*** DATA FOR THE TASK Section Begins ***
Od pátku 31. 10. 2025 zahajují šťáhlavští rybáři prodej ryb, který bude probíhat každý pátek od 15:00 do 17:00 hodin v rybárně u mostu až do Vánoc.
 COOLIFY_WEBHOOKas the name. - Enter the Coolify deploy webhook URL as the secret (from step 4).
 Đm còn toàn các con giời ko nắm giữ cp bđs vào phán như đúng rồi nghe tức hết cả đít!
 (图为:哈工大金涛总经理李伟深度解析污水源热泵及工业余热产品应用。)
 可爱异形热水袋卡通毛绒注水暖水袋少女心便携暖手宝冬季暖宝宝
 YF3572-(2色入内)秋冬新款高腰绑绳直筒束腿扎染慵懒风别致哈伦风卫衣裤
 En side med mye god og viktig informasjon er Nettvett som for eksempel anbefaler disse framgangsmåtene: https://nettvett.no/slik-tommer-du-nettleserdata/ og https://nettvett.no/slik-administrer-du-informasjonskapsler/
*** DATA FOR THE TASK Section Ends ***
*** DATA FOR THE TASK Section Begins ***
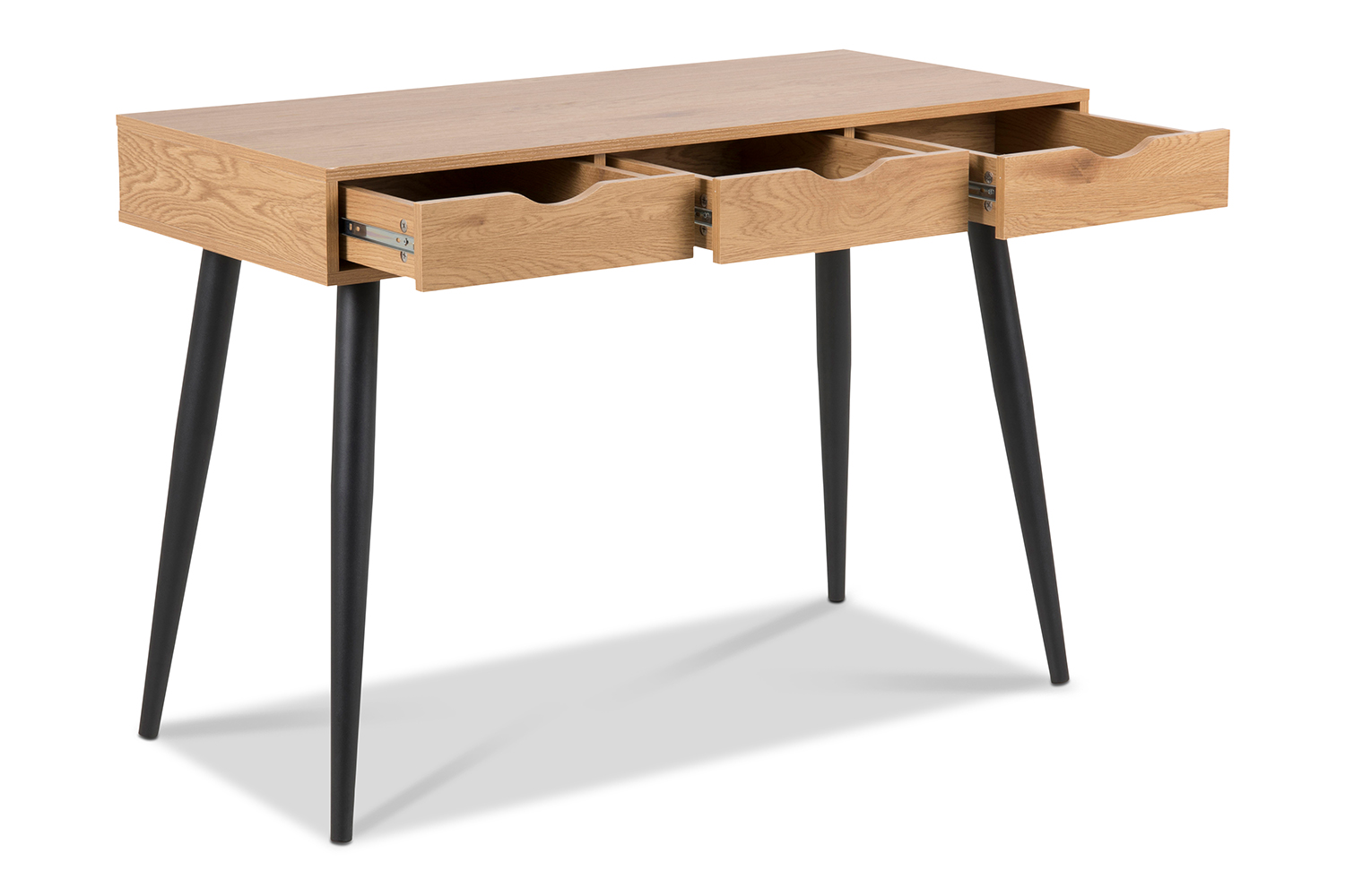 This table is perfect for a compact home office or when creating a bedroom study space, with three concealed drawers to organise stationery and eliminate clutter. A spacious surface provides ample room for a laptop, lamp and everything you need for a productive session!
*** DATA FOR THE TASK Section Ends ***
**TASK GOAL**
Beginning with the line containing "Od pátku 31." and ending with the line containing "YF3572-(2色入内)秋冬新款高腰绑绳直筒束腿扎染慵懒风别致哈伦风卫衣裤", extract those lines exactly from the listing above, and only those.

**OUTPUT BELOW**
Od pátku 31. 10. 2025 zahajují šťáhlavští rybáři prodej ryb, který bude probíhat každý pátek od 15:00 do 17:00 hodin v rybárně u mostu až do Vánoc.
 COOLIFY_WEBHOOKas the name. - Enter the Coolify deploy webhook URL as the secret (from step 4).
 Đm còn toàn các con giời ko nắm giữ cp bđs vào phán như đúng rồi nghe tức hết cả đít!
 (图为:哈工大金涛总经理李伟深度解析污水源热泵及工业余热产品应用。)
 可爱异形热水袋卡通毛绒注水暖水袋少女心便携暖手宝冬季暖宝宝
 YF3572-(2色入内)秋冬新款高腰绑绳直筒束腿扎染慵懒风别致哈伦风卫衣裤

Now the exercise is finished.